Note: The following post appears simultaneously–with a slightly different title–in my monthly guest post on The Blog of Funny Names.

“You could look it up.”–Casey Stengel

Lillian Virginia Mountweazel.  To be or not to be?

Lillian Virginia Mountweazel. To be or not to be?

According to the 1975 edition of the New  Columbia Encyclopedia,   ”Lillian Virginia Mountweazel ( 1942-1973),  was an American photographer, b. Bangs, Ohio. Turning from fountain design to photography in 1963, Mountweazel produced her celebrated portraits of the South Sierra Miwok in 1964. She was awarded government grants to make a series of photo-essays of unusual subject matter, including New York City buses, the cemeteries of Paris and rural American mailboxes. The last group was exhibited extensively abroad and published as Flags Up! (1972) Mountweazel died at 31 in an explosion while on assignment for Combustibles magazine.”

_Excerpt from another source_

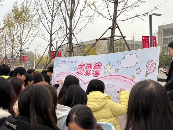 仪式最后,全体师生有序在感恩墙上签名留念。本次升旗仪式不仅是一场生动的爱国主义教育实践,更通过感恩主题深化了师生之间的情感纽带,增强了学院的凝聚力和向心力,为人文与传媒学院的学风建设与文化传承注入了新的精神动力。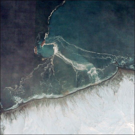 The oil spill is reported to extend over 10 miles of remote coast near the Alaska Maritime National Wildlife Refuge on Unalaska Island. The tan streaks flowing from the top half of the ship toward the image top and right may be congealing bunker fuel. Weather has slowed rescue and clean-up operations, and the foamy white waves make the ocean appear rough in this image. It is also possible that the long white line between the ship and the shore is formed by soybeans spilled from the ship’s hold.

It’s an incredible story–at least, according to the 1975 edition of the New Columbia Encyclopedia– with  ”according to” being the critical phrase. Because, you see, no such person ever existed.  The entry was bogus–a common practice among publishers of dictionaries, encyclopedias and even maps.  It was designed to catch copyright infringement.  This practice was hardly new, as I shall proceed to report.  However, it caused enough of a stir  that The New Yorker coined the term Mountweazel to mean any such copyright trap in published material, and the name has stuck.  As things of this nature often take on a life of their own, the eponymous Ms. Mountweazel now has a page on Facebook and a memorial society on Flickr.

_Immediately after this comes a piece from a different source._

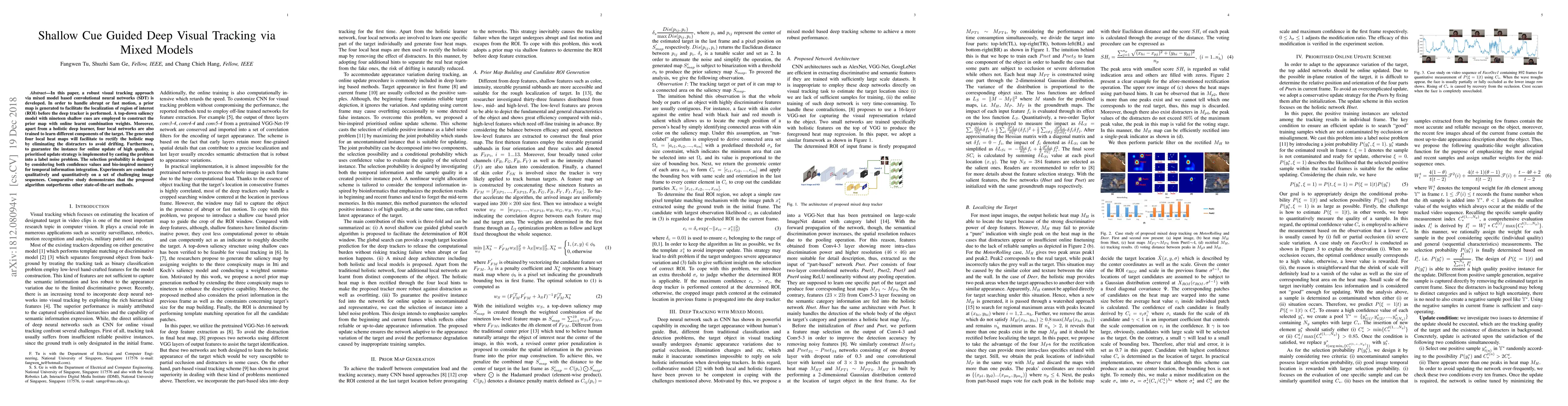 In this paper, a robust visual tracking approach via mixed model based convolutional neural networks (SDT) is developed. In order to handle abrupt or fast motion, a prior map is generated to facilitate the localization of region of interest (ROI) before the deep tracker is performed. A top-down saliency model with nineteen shallow cues are employed to construct the prior map with online learnt combination weights. Moreover, apart from a holistic deep learner, four local networks are also trained to learn different components of the target. The generated four local heat maps will facilitate to rectify the holistic map by eliminating the distracters to avoid drifting. Furthermore, to guarantee the instance for online update of high quality, a prioritised update strategy is implemented by casting the problem into a label noise problem. The selection probability is designed by considering both confidence values and bio-inspired memory for temporal information integration. Experiments are conducted qualitatively and quantitatively on a set of challenging image sequences. Comparative study demonstrates that the proposed algorithm outperforms other state-of-the-art methods.

But as odd as this story sounds, the course of events that led me to this discovery is stranger still.  It was a three decade odyssey that started back in the mid-1970′s.  While playing the game of Dictionary at the home of a (much older) friend,  I came across the following in the 1943 edition of Webster’s Twentieth Century Dictionary:

jungftak, n.–a Persian bird, the male of which had only one wing, on the right side, and the female only one wing, on the left side; instead of the missing wings, the male had a hook of bone, and the female an eyelet of bone, and it was by uniting hook and eye that they were enabled to fly, — each, when alone, had to remain on the ground.

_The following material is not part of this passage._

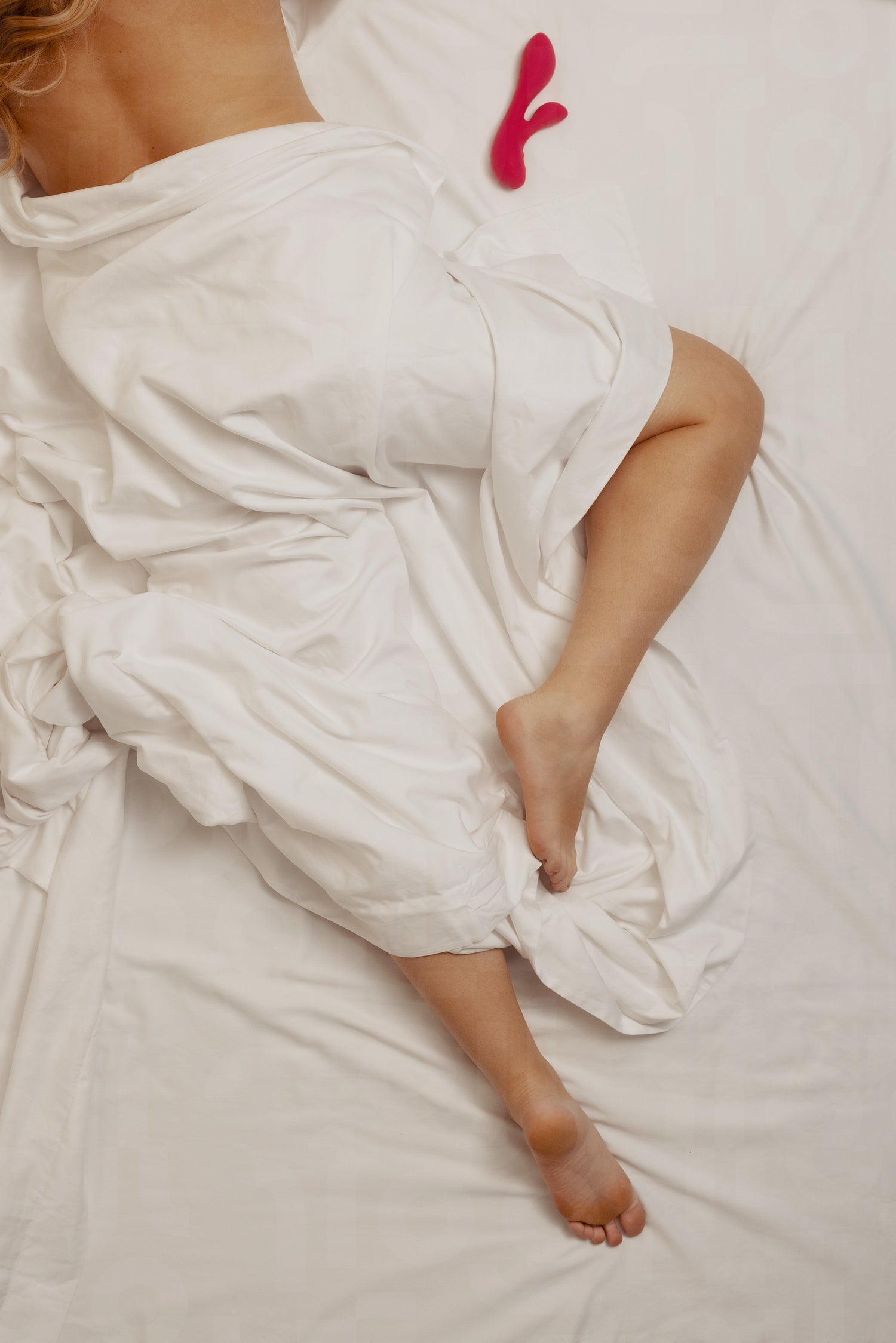 Woman lying on a bed with white covers, exploring erotic pleasure with a vibrator

That was it; there was no pronunciation and no etymology.

Wow.  I was flummoxed.  How bizarre was this?  I had to find out more.  I went to the local library and searched every encyclopedia and every dictionary, but found nothing.  Figuring that this bird had to be mythical, I next went to books on Persian culture and mythology.  Still nothing.  I was puzzled, but not deterred, and I never forgot this bizarre word and definition.  Over the next several decades I sporadically recalled this incident and searched again, each time to no avail.  No avail, that is, until about five years ago.  Through the miracle know as the internet, the Google search term ‘jungftak’ finally bore fruit.  I uncovered a 1981 article by one Richard Rex in the journal American Speech. He had also discovered this word and had the same issues with it.  His conclusion was that the entry was an early example of what, by the time of this article, had come to be called a Mountweazel.  A copyright trap.  It was quite a letdown, but at least I finally had an answer.

I discussed this phenomenon with Martha Barnette and Grant Barrett as a caller to the NPR show A Way With Words originally broadcast in January of 2010.  You can listen to this archived broadcast here.  My segment occurs about 20 minutes into the show.      Have fun listening, and don’t take any wooden Mountweazels.